Trigger Warning – This story contains information about sexual assault, violence, and/or suicide which may be triggering to survivors.
At age 60, Neurali has spent most of her life in the homes of her employers, cleaning their floors, washing their clothes, cooking their meals, raising their children. Like many maids in Ecuador, she often has faced long workdays with no workplace protections — routinely exploited by those she served, even physically and sexually abused.
In spite of Ecuadoran laws prohibiting child labor and exploitive conditions, many of the 300,000 domestic workers throughout Ecuador share Neurali’s story. They begin work as children (Neurali began working at age 10), hoping for an income to support their family or maybe an education that would offer better career opportunities.

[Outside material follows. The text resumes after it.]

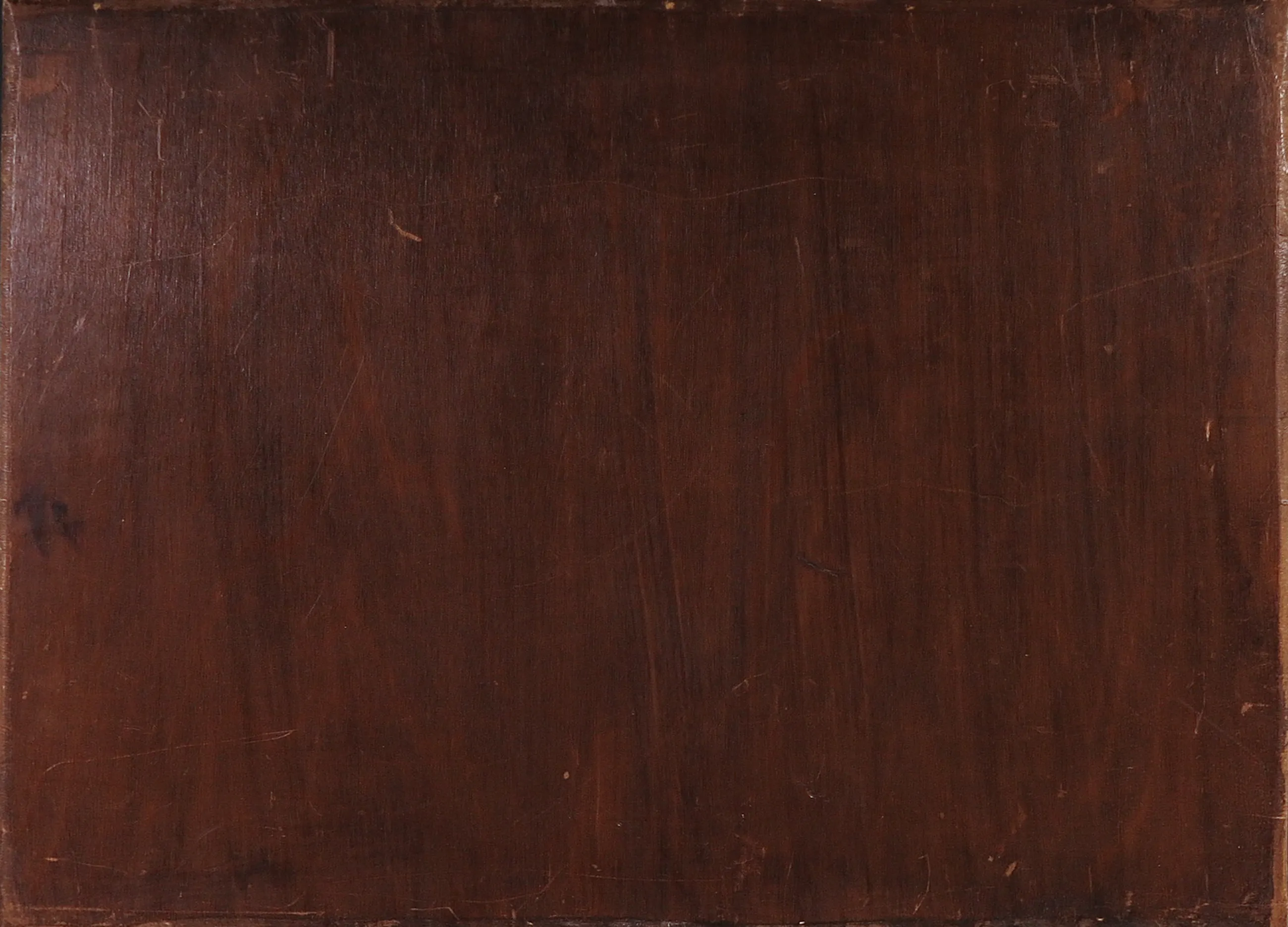 | het doek is op een houten paneel geplakt. Kleine krasjes in de voorstelling en sprake van craquelé. Langs de randen van het doek is het werk beschadigd. | |

When she was a young woman, Neurali moved by herself to Guayaquil, Ecuador’s coastal economic hub, for just those kinds of opportunities. “I heard I could make more money here for the same job,” she says. “I got a job and I was abused, made to sleep in the bathroom.” Hers is a common refrain among domestic workers in Ecuador: “It didn’t work out the way I had planned.”
Part of the problem is that domestic work — whether in Ecuador or elsewhere — often isn’t valued as a legitimate profession and, therefore, those who practice it are not viewed as dignified workers — or at times even as human beings. “I was abused so much, at some point I thought, ‘If everyone is abusing me, then maybe they are right and I am not a human,’” Neurali says.
The devaluing of women and their work opens the door for exploitation, even when laws against those abuses exist, as they do in Ecuador.
In 2013, Ecuador became one of the first countries to ratify Convention 189, which the International Labour Organization approved to set the kind of labor standards Neurali and her colleagues have found so lacking: a minimum wage, paid leave, social security and other benefits that workers in other professions enjoy.